We recently upgraded to Slurm 20.11.7 and after that, we encountered a new problem regarding consecutive parallel executions in a single job. If more than one node is asked and the job calls two mpirun instances consecutively, the second one will fail with the following error: -------------------------------------------------------------------------- An ORTE daemon has unexpectedly failed after launch and before communicating back to mpirun. This could be caused by a number of factors, including an inability to create a connection back to mpirun due to a lack of common network interfaces and/or no route found between them. Please check network connectivity (including firewalls and network routing requirements). -------------------------------------------------------------------------- After a better check made by adding the debugging flag --mca plm_base_verbose 100, we get an additional information reported for the second mpirun call: srun: error: Unable to create step for job 3130006: Memory required by task is not available so it appears that the first mpirun (or, better, the first srun called by the first mpirun) isn't able to free the allocated memory fast enough for give room to the second one. In our cluster we have different compiler families installed. We tried with openmpi/4.0.3, spectrum_mpi/11.4.0, and hpc-sdk/2021. In all these cases, the mpirun command issued from the relative compiler family produced this error. Please note that: - if we use "srun" instead of "mpirun", the issue doesn't appear and all the two parallel instances are executed smoothly with all the tested compiler families; - the problem can be reproduced with a simple "mpirun uname -a", so it's not related to the compiler used for the code (since even a system command can trigger it); - a simple workaround is to put a "sleep 5" command between the two mpirun instancies, so that the first parallel execution has the time to clear the memory before giving access to the second one; - this happens only when multiple nodes are requested. For single node jobs the two mpirun istancies present no problems, as expected since mpirun does not call srun on 1 node runs.

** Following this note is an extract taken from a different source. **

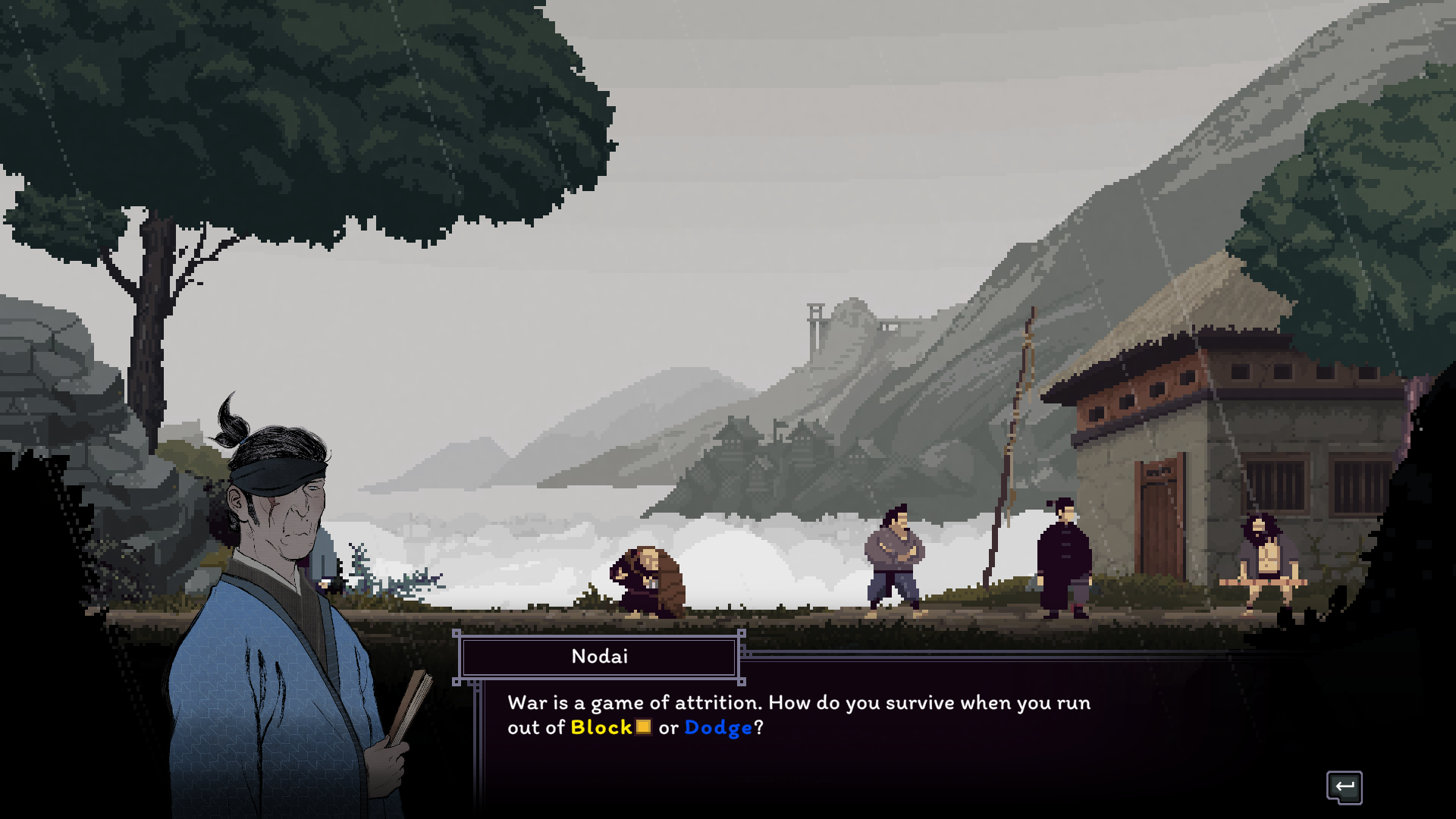 Players will eventually meet one of the masters of the Order of the Foresight, Talgun, who appears to guide you through a battle. Talgun is a stout old man with white hair, a long beard, and cloaked in a green, moss-like robe. His fighting technique, the peaceful Leaf style, is the one you start with, and it emphasizes evasion and using your opponent's attacks against them. There are currently only two masters in the game, the aforementioned Master Talgun with his Leaf style, and Master Nodai with his Cold Eye style. The latter is a tall, stern-faced man in a blue robe, with a headband covering his right eye. He visually fits the description of the combat style he teaches, with a personality to match. The Cold Eye style emphasizes taking hits like a tree trunk and dishing them back out like a truck, with blocks and retaliatory strikes being the name of the game. This style also turns your kick into a move where you throw your opponents into the air. There will eventually be five fighting styles, so we can count on three more masters making an appearance.

Sorry for the delay in reply. Could you please set SlurmctldDebug to at least verbose, enable DebugFlags=steps and share slurmctld log from the time when you reproduce the issue? Could you please strace mpirun (or use other method) to check options used to execute srun? cheers, Marcin
Cineca Team, Could you please take a look at the case? cheers, Marcin
Created attachment 20043 [details] Strace output
Created attachment 20044 [details] Jobscript for the case
Dear Marcin, sorry for the wait, we have to coordinate with our system administrators for doing the tests that you indicated. Hopefully tomorrow we will be able to provide the required slurmctld logs. Meanwhile, I attached the output of a job launched with strace on both the consecutive calls of mpirun, and the jobscript used to run this case. Regards, Alessandro
I think you need to add a few options to `strace`: a) `-f` to follow forks b) `-s strsize` with strsize bing big enough to see srun options. My guess is that something like -s250 will be enough. cheers, Marcin
Created attachment 20046 [details] Strace otput updated In attachment the output of strace with the proposed flags. Regards, Alessandro
Is there any `SLURM_*` environment variable set by default - by a mechanism like .bashrc? cheers, Marcina
Created attachment 20072 [details] Slurmctld log for a job where the case is reproduced Dear Marcin, in attachment the slurmctld log for a job where the case is reproduced, and with the debug settings that you requested. As for your question, there is no SLURM_* veriable that is set manually in any way. Regards, Alessandro
Is it possible to get the full log between: >[2021-06-23T10:40:22.912] >.. >[2021-06-23T10:40:38.149] not just a grep on JobId? cheers, Marcin
Created attachment 20073 [details] Full slurmctld log Sure, full log attached. Alessandro
Alessandro, Looking at the way srun was called and the logs you shared it looks like the reported issue is a duplicate of Bug 11857, which is already fixed by 49b1b2681eb[1] and will be released in Slurm 20.11.8. Let me know if you want to apply it locally to confirm. In case of no-reply I'll just close the bug as duplicate. cheers, Marcin [1]https://github.com/SchedMD/slurm/commit/49b1b2681eb04ee45b9a0e9663903896247f8a8d
Thank you Marcin for the analysis. It is indeed possible that this bug is a duplicate of the one you linked, although in that case it seems that the problem manifests when 2 srun istancies are called while we have the problem only with mpirun. But maybe it is the same issue that shows up differently because of a different work environment. Anyway, if this is going to be fixed in 20.11.8 we think you can close the bug. Thank you for the assistance and best regards, Alessandro
Alessandro, I guess that the difference in the way you're calling srun vs how mpirun does that is --nodelist argument used when srun is called by mpirun. The commit I referred prevents step creation failure when --nodelist used and some nodes in the allocation are busy. From the logs you shared we see that step creation request came before step completion to slurmctld - that's why additional sleep workarounds the issue. I'm confident it's fixed by the referred commit. The fix should be easy to apply, so you can do that locally before 20.11.8 release. cheers, Marcin *** This ticket has been marked as a duplicate of ticket 11857 ***